Vaseli Parvulescu

Graphene, an allotrope of carbon, has been considered as an excellent suitable catalytic support due to its high carrier mobility, high electrical and thermal conductivity, high surface area, unique two-dimensional (2D) honeycomb lattice, high electron mobility, strong metal-support interactions and easy surface functionalization [1]. In addition, doping graphene-nanosheets with heteroatoms became an attractive method of tuning its electronic and catalytic properties [2]. In this context, we recently demonstrated that coupling reactions can be efficiently catalyzed by MNPs strongly grafted on few- and multilayer defective graphenes prepared by pyrolysis of natural polysaccharides containing metal salts [3]. In order to prove the versatility of the graphenes for coupling reactions in this study we extended the investigation of these materials using Sb as doped heteroelement of graphene and Henry addition as a model reaction (Scheme 1).

The catalysts were exhaustively characterized using XRD, Raman, XPS, and DRIFT spectroscopy.
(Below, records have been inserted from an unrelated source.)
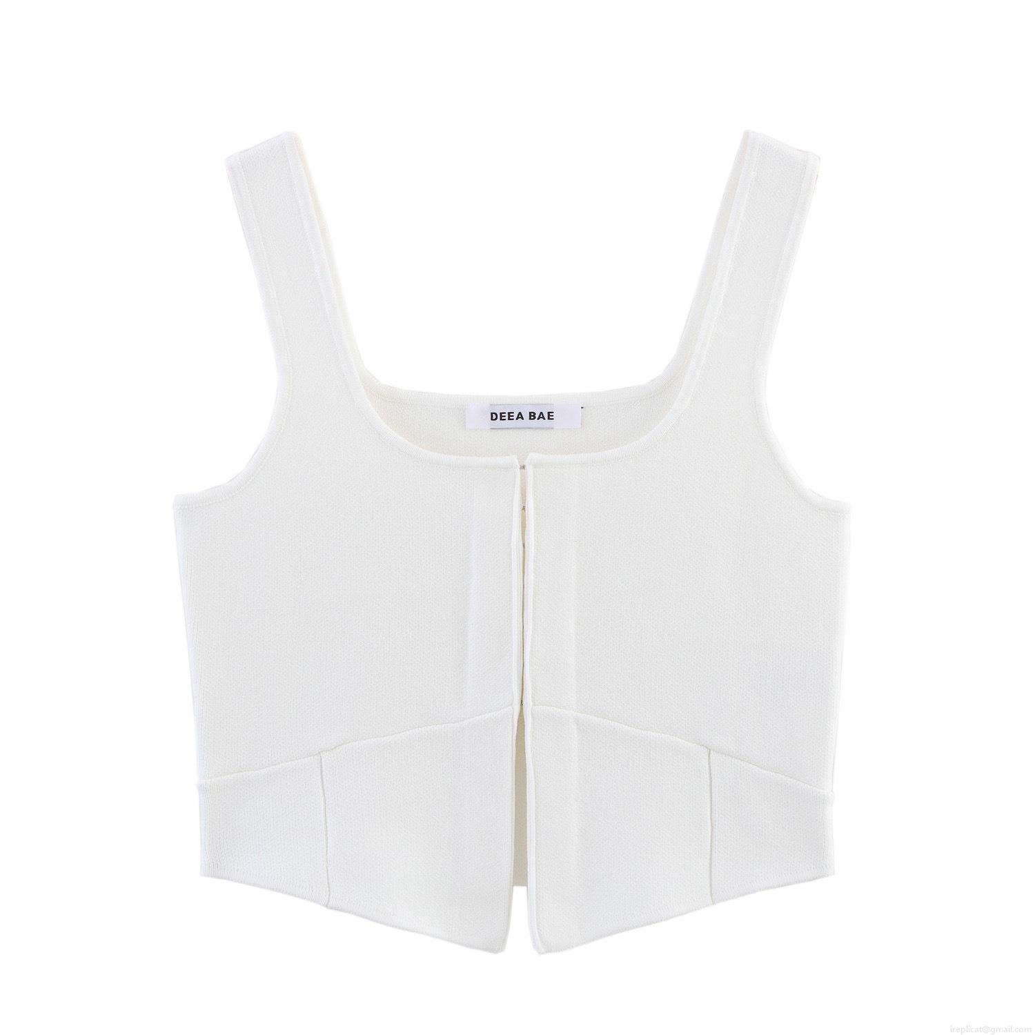 • Women's Knit Button Down Camisole Square Neck Crop Tank Top Slim Fit Sleeveless Knitwear Vest Streetwear Summer Casual Tops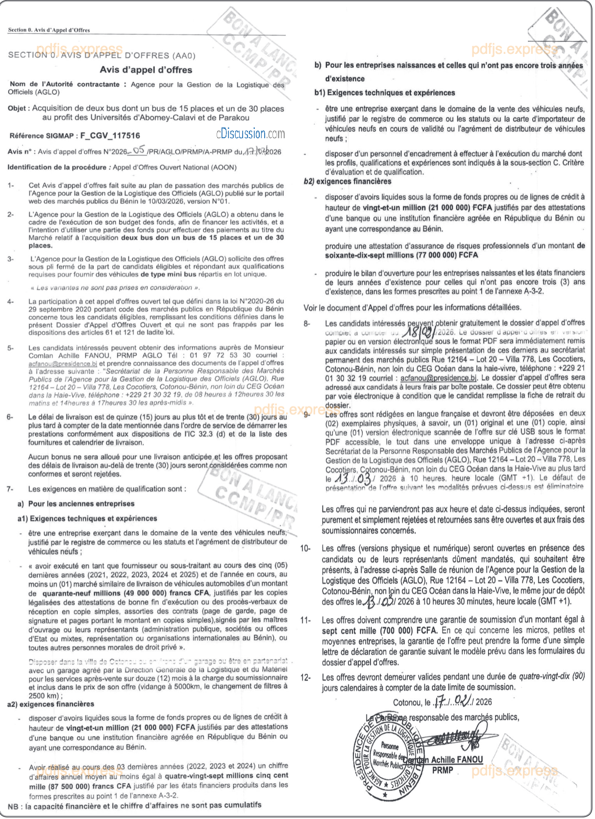 AVIS D'APPEL D'OFFRES RELATIF A L'ACQUISITION DE DEUX BUS DONT UN BUS DE QUINZE (15)PLACES ET UN BUS DE TRENTE (30) PLACES AU PROFIT DES UNIVERSITES D'ABOMEY-CALAVI ET DE PARAKOU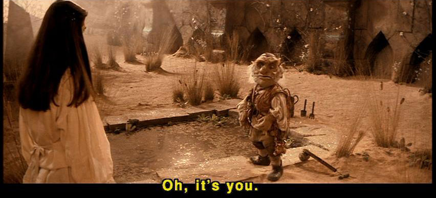 [Sarah] Excuse me? [Hoggle] Oh, excuse me! [Hoggle] Oh, it's you. [Sarah] Excuse me, but I have to get through this labyrinth. Can you help me? [Sarah] Oh, how sweet. |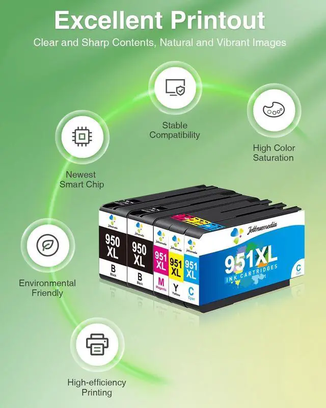 Latest Chip Version: Jettruemedia 950XL 951XL compatible ink cartridge, our cartridges provide reliable printing performance, deliver clear text and vivid images, providing seamless printing.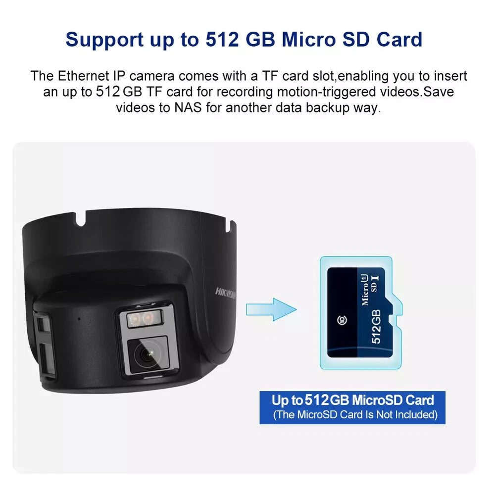 SAFE & SECURE SHOPPING 100% SATISFACTION GUARANTEED FAST SHIPPING Store Categories Store Categories Other IP Camera NVR You may also like Hikvision DS-2DE2A404IW-DE3/W(C0)(S6)(C) 4MP 4xZoom WiFi Mic PTZ IP Camera USA 152.0 USD Free shipping Hikvision DS-2CD2387G2P-LSU/SL 8MP ColorVu Panoramic IP Camera 2-Way Audio Black 209.0 USD Free shipping NEW Dahua PFB205W-E Wall Mount Bracket for IPC-HDW2841T-S IPC-HDW2441T-S Camera 89.0 USD Free shipping Dahua SD2A500HB-GN-AW-PV-S2 5MP Smart Dual Light WiFi PT Outdoor Security Camera 130.0 USD Free shipping Dahua OEM IPC-HDBW2831R-ZAS-S2 4K 8MP 5X ZOOM IR IP Camera Starlight MIC Dome 138.0 USD Free shipping Dahua IPC-HFW2441T-ZS 4MP Starlight 5x Zoom WizSense IP Bullet Camera PoE SMD+ 38.0 USD Free shipping Hikvision 4K 180° DS-2CD2387G2P-LSU/SL ColorVu Panoramic 8MP IP Camera Dual lens Product Description ★Tips > APP Available: Hik-connect, Guard viewer, IVS-4200 > Search Tool:SADP (search device and change IP address) > Default IP:192.168.1.64 > Camera lens: Dual lens: 4 mm > Product is 100% Original Hikvision, Support upgrade by Hikvision Official Website > If there is any problem with use, please contact with us at any time. we have very professinal engineer, can help you set online. Product Image: 8MP Ultra HD (low illuminance, high image definition) Features: 8 MP Panoramic ColorVu Fixed Turret Network Camera High quality imaging with 8 MP resolution One image that presents all the scenes covered by the camera 24/7 colorful imaging Efficient H.265+ compression technology Clear imaging against strong back light due to 130 dB WDR technology Focus on human and vehicle classification based on deep learning Active strobe light and audio alarm to warn intruders off Water and dust resistant (IP67) Specifications: Camera Image Sensor 2 × 1/1.8" Progressive Scan CMOS Max. Resolution 5120 × 1440 Min. Illumination Color: 0.0005 Lux @ (F1.0, AGC ON),0 Lux with light Shutter Time 1/3 s to 1/100,000 s Angle Adjustment Pan: -30° to 30°,tilt: -75° to 75° Lens Lens Type Fixed focal lens, Dual lens: 4 mm Focal Length & FOV 4 mm, horizontal FOV: 180°, vertical FOV: 44° Lens Mount M16 Iris Type Fixed Aperture F1.0 Depth Of Field 3.6 m to ∞ DORI DORI 4 mm, D: 77 m, O: 30 m, R: 15 m, I: 7 m Illuminator Supplement Light Type White Light Supplement Light Range Up to 30 m Smart Supplement Light Yes Video Main Stream When WDR is On: 50 Hz: 12.5 fps (5120 × 1440) 60 Hz: 15 fps (5120 × 1440) When WDR is Off: 50 Hz: 20 fps (5120 × 1440) 60 Hz: 20 fps (5120 × 1440) Sub-Stream When WDR is On: 50 Hz: 12.5 fps (1920 × 536, 960 × 272) 60 Hz: 15 fps (1920 × 536, 960 × 272) When WDR is Off: 50 Hz: 20 fps (1920 × 536, 960 × 272) 60 Hz: 20 fps (1920 × 536, 960 × 272) Video Compression Main stream: H.265+/H.265/H.264+/H.264 Sub-stream: H.265/H.264/MJPEG Video Bit Rate 32 Kbps to 16 Mbps H.264 Type Baseline Profile,Main Profile,High Profile H.265 Type Main Profile Bit Rate Control CBR,VBR Scalable Video Coding (SVC) H.264 and H.265 encoding Region Of Interest (ROI) 1 fixed region(s) for main stream Audio Audio Type Mono sound Audio Compression G.711/G.722.1/G.726/MP2L2/PCM/MP3/AAC-LC Audio Bit Rate 64 Kbps (G.711ulaw/G.711alaw)/16 Kbps (G.722.1)/16 Kbps (G.726)/32 to 192 Kbps (MP2L2)/8 to 320 Kbps (MP3)/16 to 64 Kbps (AAC-LC) Audio Sampling Rate 8 kHz/16 kHz/32 kHz/44.1 kHz/48 kHz Environment Noise Filtering Yes Network Protocols TCP/IP, ICMP, HTTP, HTTPS, FTP, DHCP, DNS, DDNS, RTP, RTSP, NTP, UPnP, SMTP, IGMP, 802.1X, QoS, IPv6, UDP, Bonjour, SSL/TLS, PPPoE, SNMP, WebSocket, WebSockets Simultaneous Live View Up to 6 channels API Open Network Video Interface (Profile S, Profile G, Profile T),ISAPI,SDK,ISUP User/Host Up to 32 users 3 user levels: administrator, operator, and user Security Password protection, complicated password, HTTPS encryption, 802.1X authentication (EAP-MD5), watermark, IP address filter, basic and digest authentication for HTTP/HTTPS, WSSE and digest authentication for Open Network Video Interface, RTP/RTSP over HTTPS, control timeout settings, security audit log, TLS 1.2, host authentication (MAC address) Network Storage NAS (NFS, SMB/CIFS),Auto Network Replenishment (ANR),NVR, Together with high-end Hikvision memory card, memory card encryption and health detection are supported. Client iVMS-4200,Hik-Connect,Hik-Central Web Browser Plug-in required live view: IE 10, IE 11 , Plug-in free live view: Chrome 57.0+, Firefox 52.0+, Local service: Chrome 57.0+, Firefox 52.0+ Image Image Parameters Switch Yes Image Settings saturation,brightness,contrast,sharpness,gain,white balance,adjustable by client software or web browser Day/Night Switch Day,Night,Auto,Schedule Wide Dynamic Range (WDR) 130 dB SNR ≥ 52 dB Image Enhancement BLC,HLC,3D DNR Interface Ethernet Interface 1 RJ45 10 M/100 M self-adaptive Ethernet port On-Board Storage Built-in memory card slot, support microSD/microSDHC/microSDXC/TF card, up to 256 GB Built-In Microphone Yes Built-In Speaker Max. power consumption: 1.2 W, max. sound pressure: 10 cm: 95 dB Audio 1 input (line in), terminal block, max. input amplitude: 3.3 Vpp, input impedance: 4.7 KΩ, interface type: non-equilibrium, 1 output (line out), terminal block, max. output amplitude: 3.3 Vpp, output impedance: 100 Ω, interface type: non-equilibrium Alarm 1 input, 1 output (max. 24 VDC, 1 A) Reset Key Yes Event Basic Event Motion detection (support alarm triggering by specified target types (human and vehicle)),alarm input and output,flashing alarm light output, audible alarm output, exception Smart Event Line crossing detection, intrusion detection, region entrance detection, region exiting detection (support alarm triggered by specified target types (human and vehicle)), scene change detection Linkage Upload to FTP/NAS/memory card,notify surveillance center,send email,trigger alarm output,trigger recording,trigger capture,audible warning,white light flashing Deep Learning Function Perimeter Protection Line crossi

Activity tests were carried out in a glass reactor containing 3 mL of solvent (dried isopropyl alcohol (IPA) or deionized H₂O) with benzaldehyde (1-0.5 mmoles), nitromethane (10mmoles) and the catalyst. The resulting mixture was stirred for 2-24 h at room temperature or 50ºC. The recovered products from the liquid phase were analyzed and identified by GC-MS and ¹H and ¹³C NMR spectroscopy.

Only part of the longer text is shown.